Work required –
Give back the exact lines of the material below from the one containing "Made by R.H." through the one containing "Lot de 29 cartes", and no pictures.

Record extracts –
• • • •

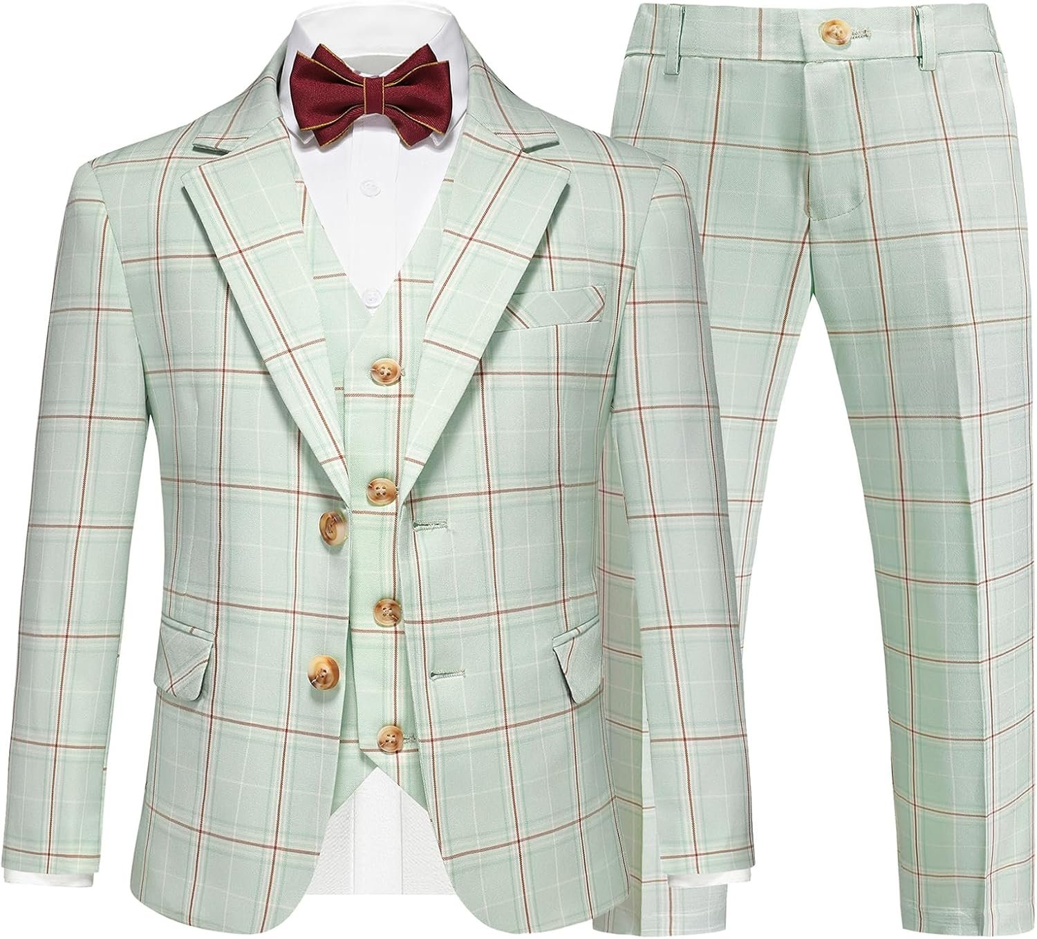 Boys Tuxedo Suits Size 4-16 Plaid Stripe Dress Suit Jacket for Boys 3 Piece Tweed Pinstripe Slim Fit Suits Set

• • • •

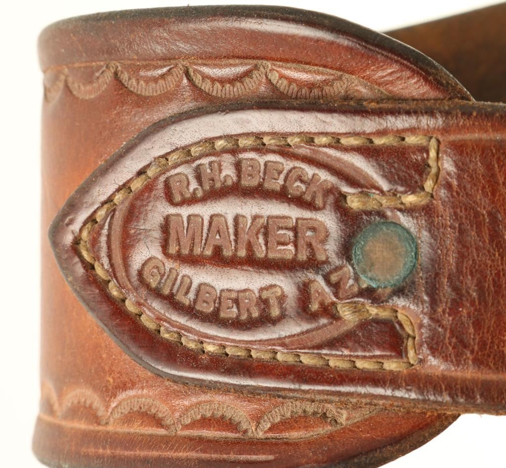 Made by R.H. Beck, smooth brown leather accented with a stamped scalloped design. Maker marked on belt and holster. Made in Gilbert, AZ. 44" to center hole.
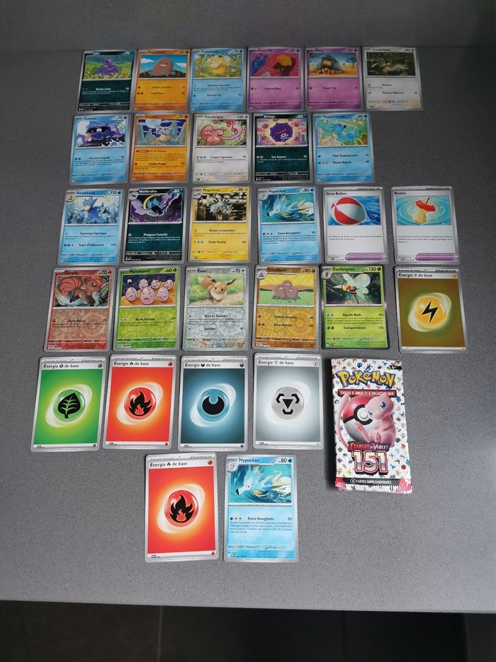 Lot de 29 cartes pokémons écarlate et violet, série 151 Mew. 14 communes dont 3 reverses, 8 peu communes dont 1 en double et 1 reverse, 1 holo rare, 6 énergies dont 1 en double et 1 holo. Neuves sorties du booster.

• • • •

Output of the exercise –
 Made by R.H. Beck, smooth brown leather accented with a stamped scalloped design. Maker marked on belt and holster. Made in Gilbert, AZ. 44" to center hole.
 Lot de 29 cartes pokémons écarlate et violet, série 151 Mew. 14 communes dont 3 reverses, 8 peu communes dont 1 en double et 1 reverse, 1 holo rare, 6 énergies dont 1 en double et 1 holo. Neuves sorties du booster.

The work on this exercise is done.